I had the opportunity this past week to take a riverboat cruise along the mighty Mississippi River, although this wasn’t the typical riverboat cruise with fine dining and music one might be accustomed to.  This was a riverboat cruise, dubbed Wicked River, full of art, science, history and adventure organized by the Mississippi River Fund.  I boarded the  Jonathan Padelford Riverboat and was immediately greeted by the Prairie Fire Lady Choir.  People of all ages were in attendance to interact with the presenters on board, which included National Park Service Rangers with historic aerial photographs, videos, and maps; scientists from the St. Anthony Falls Laboratory with a rather unique river flume; and a lady who has a very intimate connection with the river in that she’s lived on it in a paddleboat for years.
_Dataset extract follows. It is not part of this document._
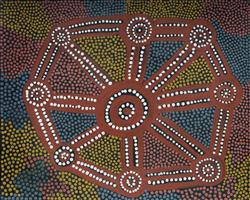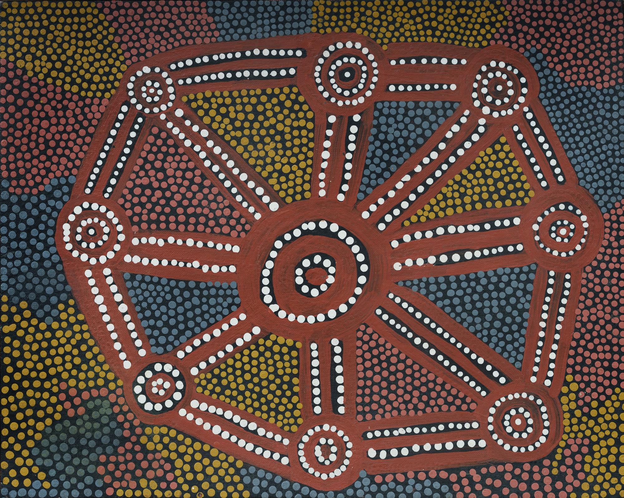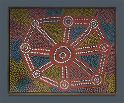 TJAPALTJARRI, Billy Stockman (Aboriginal 1927-2015) 'Man's Dreaming,' c.1978. Copious details inscribed verso. Acrylic on Canvas Board 40.5x50.5cm PROVENANCE: Ken Hinds Cultural Heritage Collection, Qld.Estimate $600-1,000

The river flume was of particular interest to me.  The flume is designed to help folks learn and think about fluvial geomorphology.  Say what?…yes I said the correctly…fluvial geomorphology.  I’ll break it down for the non-scientist folks.  Fluvial = water, geo = earth, morph = change of and ology = the study of.  Essentially these scientists study how water and earth interact with one another.  The flume helps demonstrate the basic principles of river behavior,  channel morphology and sediment transport processes with remarkable accuracy. It comes complete with miniature trees, culverts and even had a small dump truck to simulate how we as humans impact natural processes.  My inner child came out and I was playing in the water and sediment (which in this flume is actually small bits of colored plastic) in no time.  Creating new channels, moving trees, diverting water, and dumping mini loads of sediment into the makeshift riverbed was not only fun but helped us all see that when you change one thing in a river, it can cause additional changes throughout the rest of the channel.  The true children on board were also very intrigued and started building all sorts of fun dams only to demolish them a few minutes later.  Suffice to say, I think we had some future engineers aboard that evening.

I do enjoy good science, but I’ll leave that to the professionals and stick with what I enjoy most…watching  people, photographing their expressions, and the landscape which causes those expressions.